Work required -
How many lines in the listing below include the word "need"? Reply with the count alone.

Data excerpts -
******

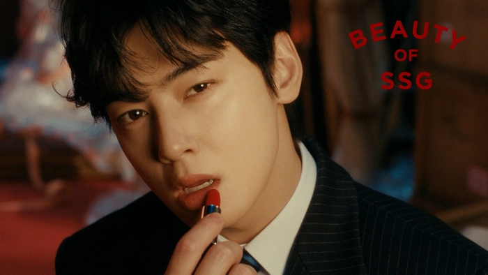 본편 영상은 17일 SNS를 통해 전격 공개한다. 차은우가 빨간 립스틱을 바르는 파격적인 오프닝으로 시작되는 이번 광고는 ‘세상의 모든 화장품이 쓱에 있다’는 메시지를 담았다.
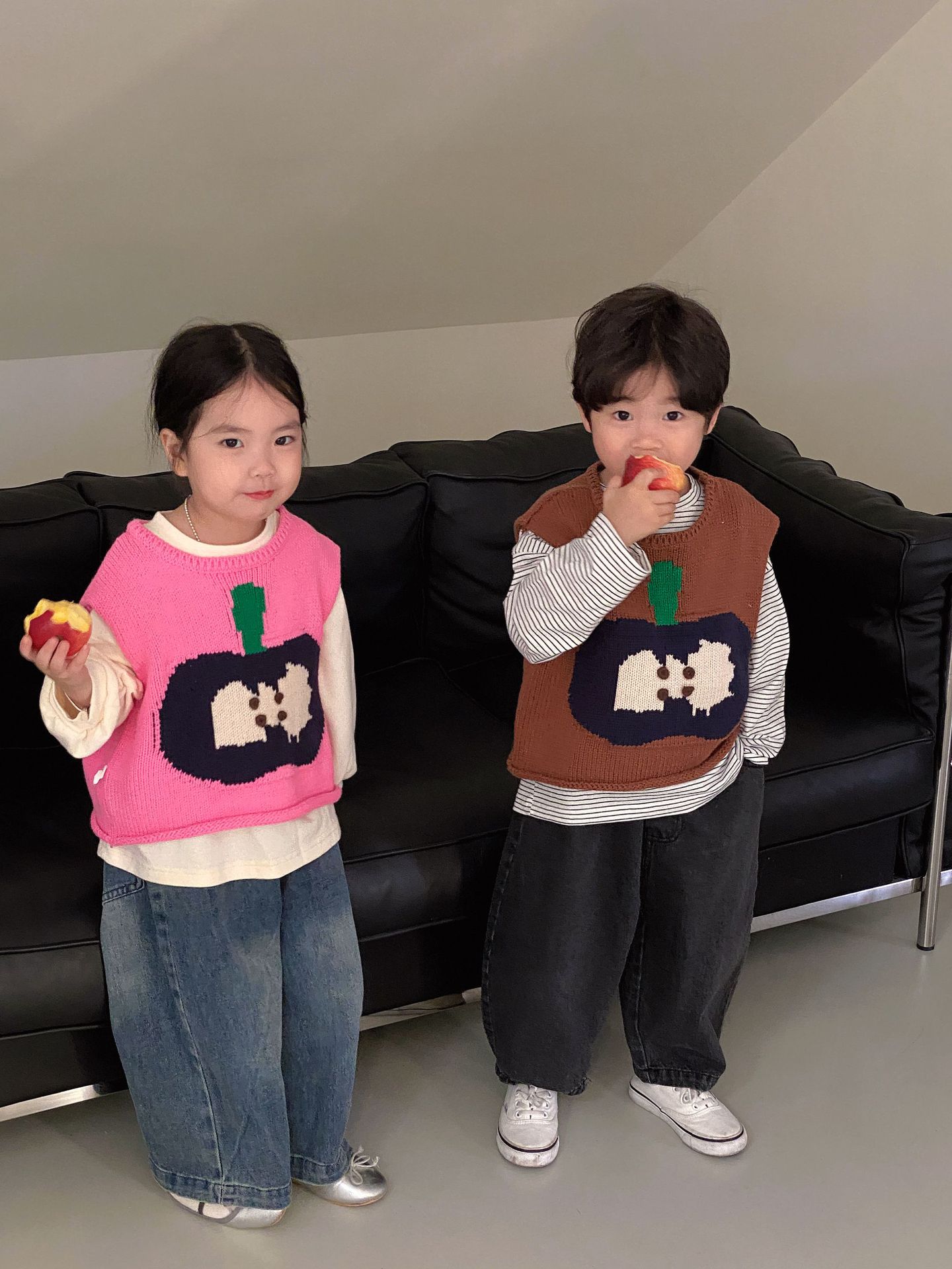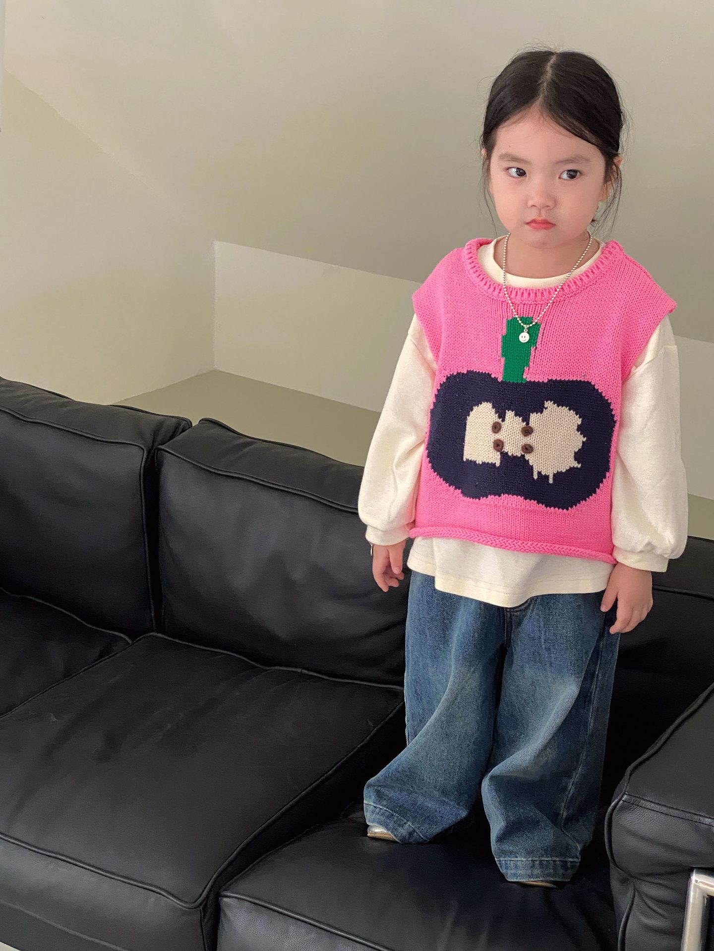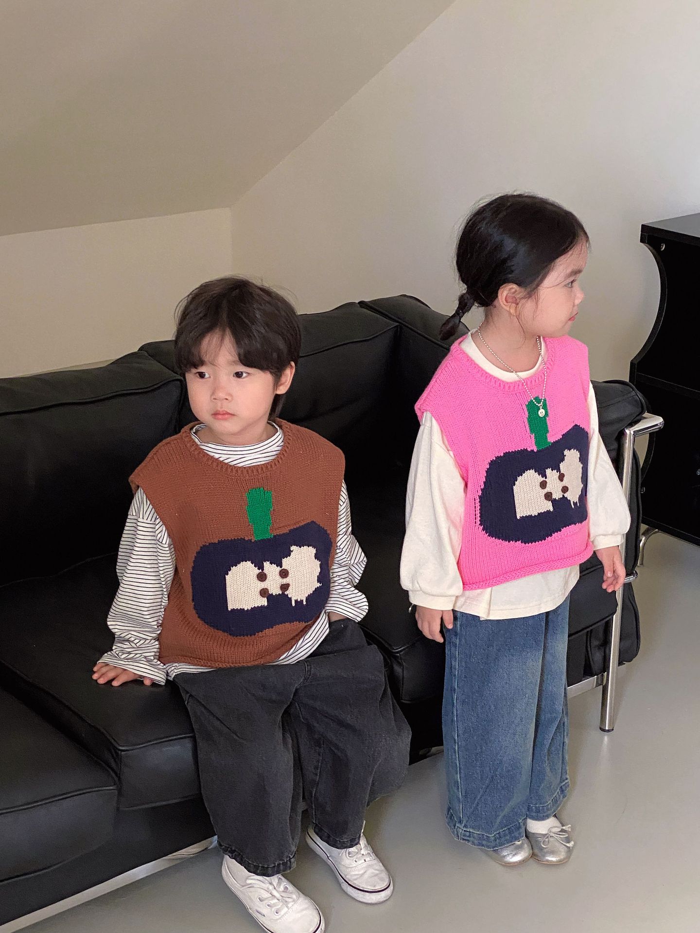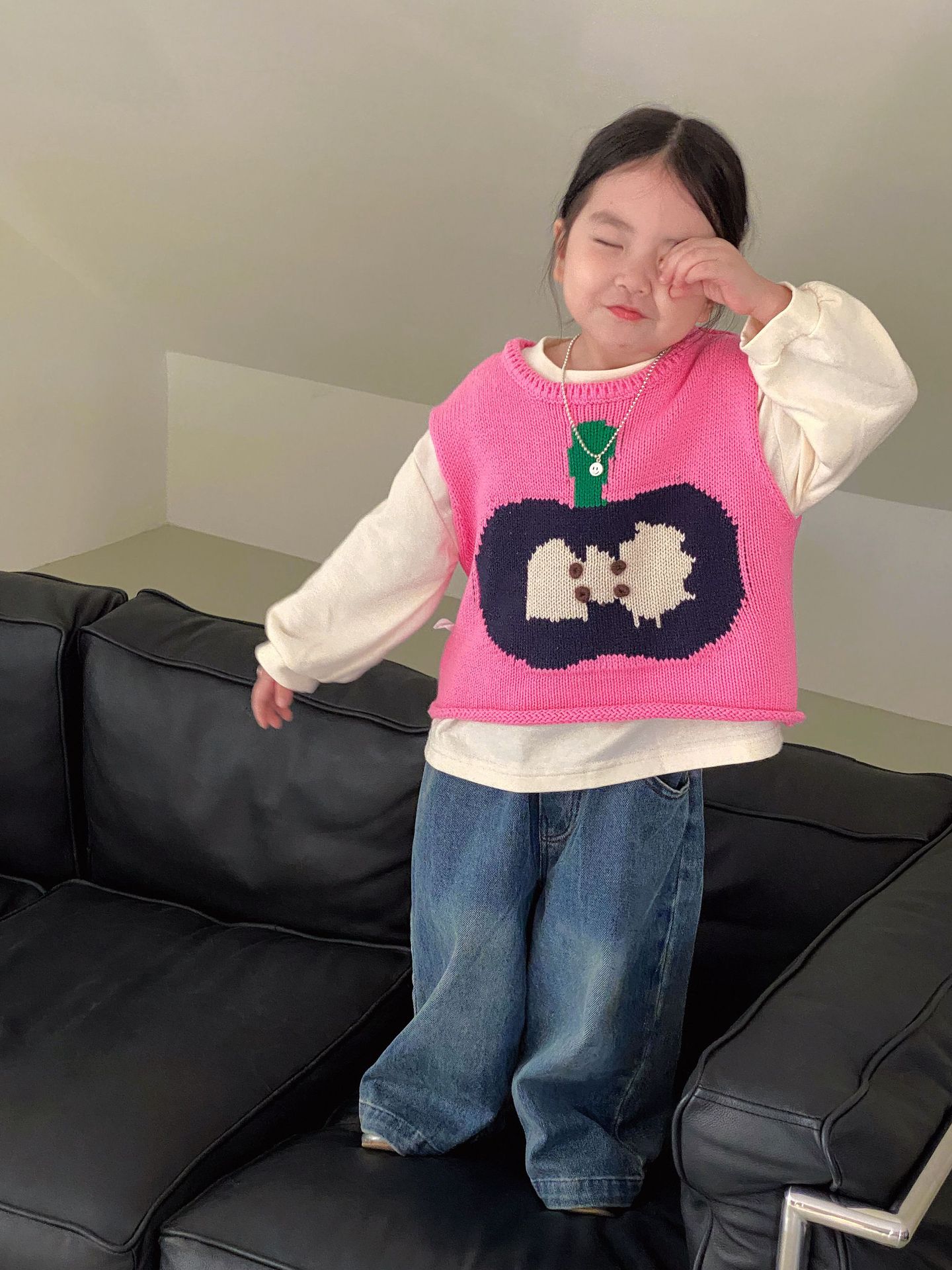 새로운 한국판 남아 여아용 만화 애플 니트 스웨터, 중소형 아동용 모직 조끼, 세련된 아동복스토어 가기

******

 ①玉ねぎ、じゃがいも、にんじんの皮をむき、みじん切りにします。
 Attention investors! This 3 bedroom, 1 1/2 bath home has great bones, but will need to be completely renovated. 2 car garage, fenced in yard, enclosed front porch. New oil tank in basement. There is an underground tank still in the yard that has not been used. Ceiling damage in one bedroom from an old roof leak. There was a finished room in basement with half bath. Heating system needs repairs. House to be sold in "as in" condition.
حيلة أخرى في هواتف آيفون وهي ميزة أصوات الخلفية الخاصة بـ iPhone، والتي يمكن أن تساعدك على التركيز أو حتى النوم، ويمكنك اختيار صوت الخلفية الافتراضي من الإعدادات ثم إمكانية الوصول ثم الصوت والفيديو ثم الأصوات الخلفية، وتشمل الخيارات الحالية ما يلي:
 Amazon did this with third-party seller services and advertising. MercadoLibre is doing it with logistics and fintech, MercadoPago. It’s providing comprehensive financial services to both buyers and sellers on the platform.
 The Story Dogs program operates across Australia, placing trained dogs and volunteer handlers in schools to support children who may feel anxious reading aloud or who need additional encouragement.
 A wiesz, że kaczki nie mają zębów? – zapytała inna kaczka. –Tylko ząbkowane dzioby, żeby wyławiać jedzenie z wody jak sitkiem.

******

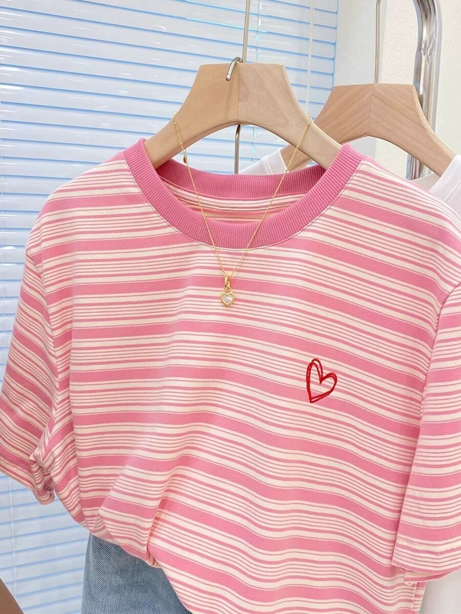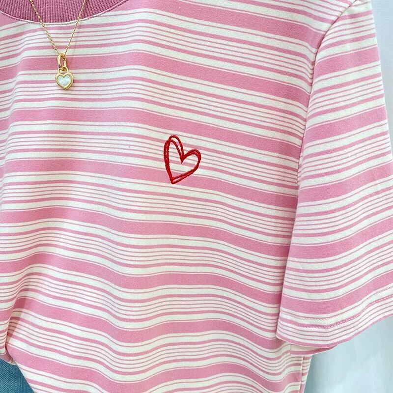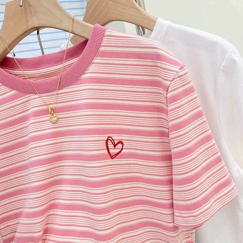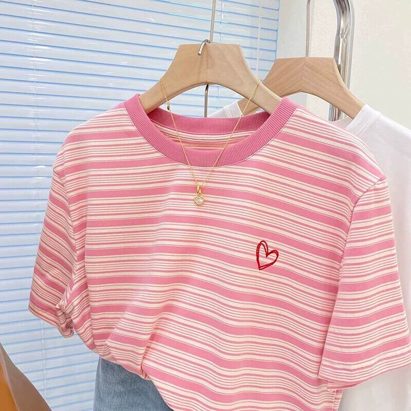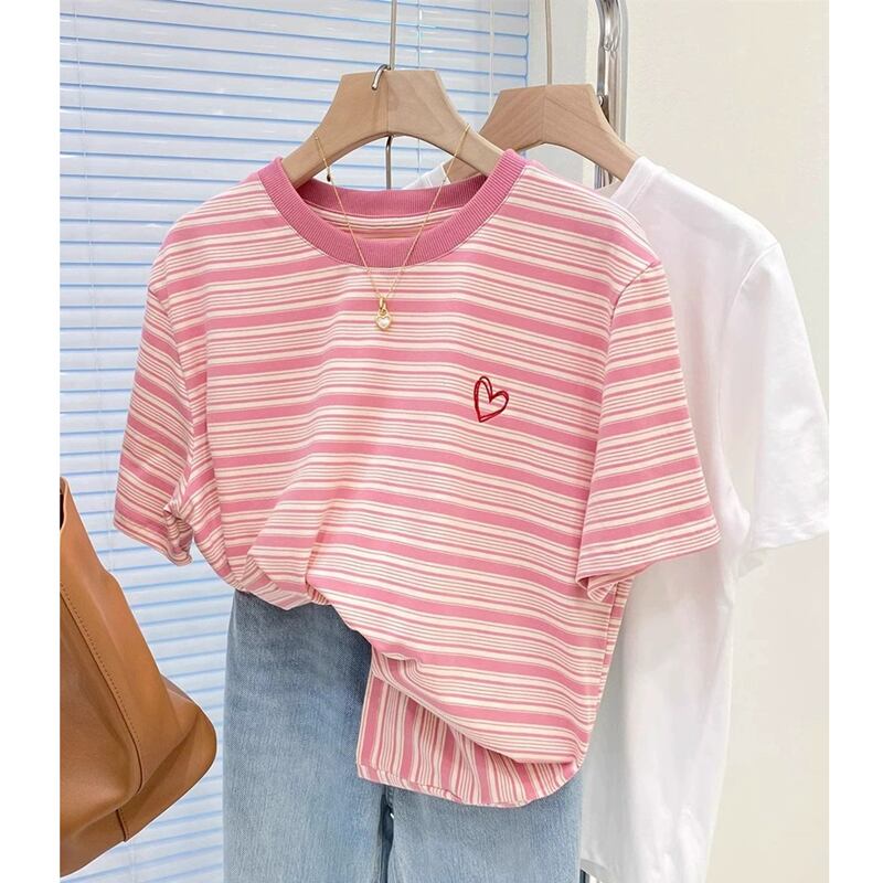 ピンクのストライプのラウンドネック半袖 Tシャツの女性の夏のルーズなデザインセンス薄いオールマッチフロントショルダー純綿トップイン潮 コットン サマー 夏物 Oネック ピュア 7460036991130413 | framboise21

******

The answer -
2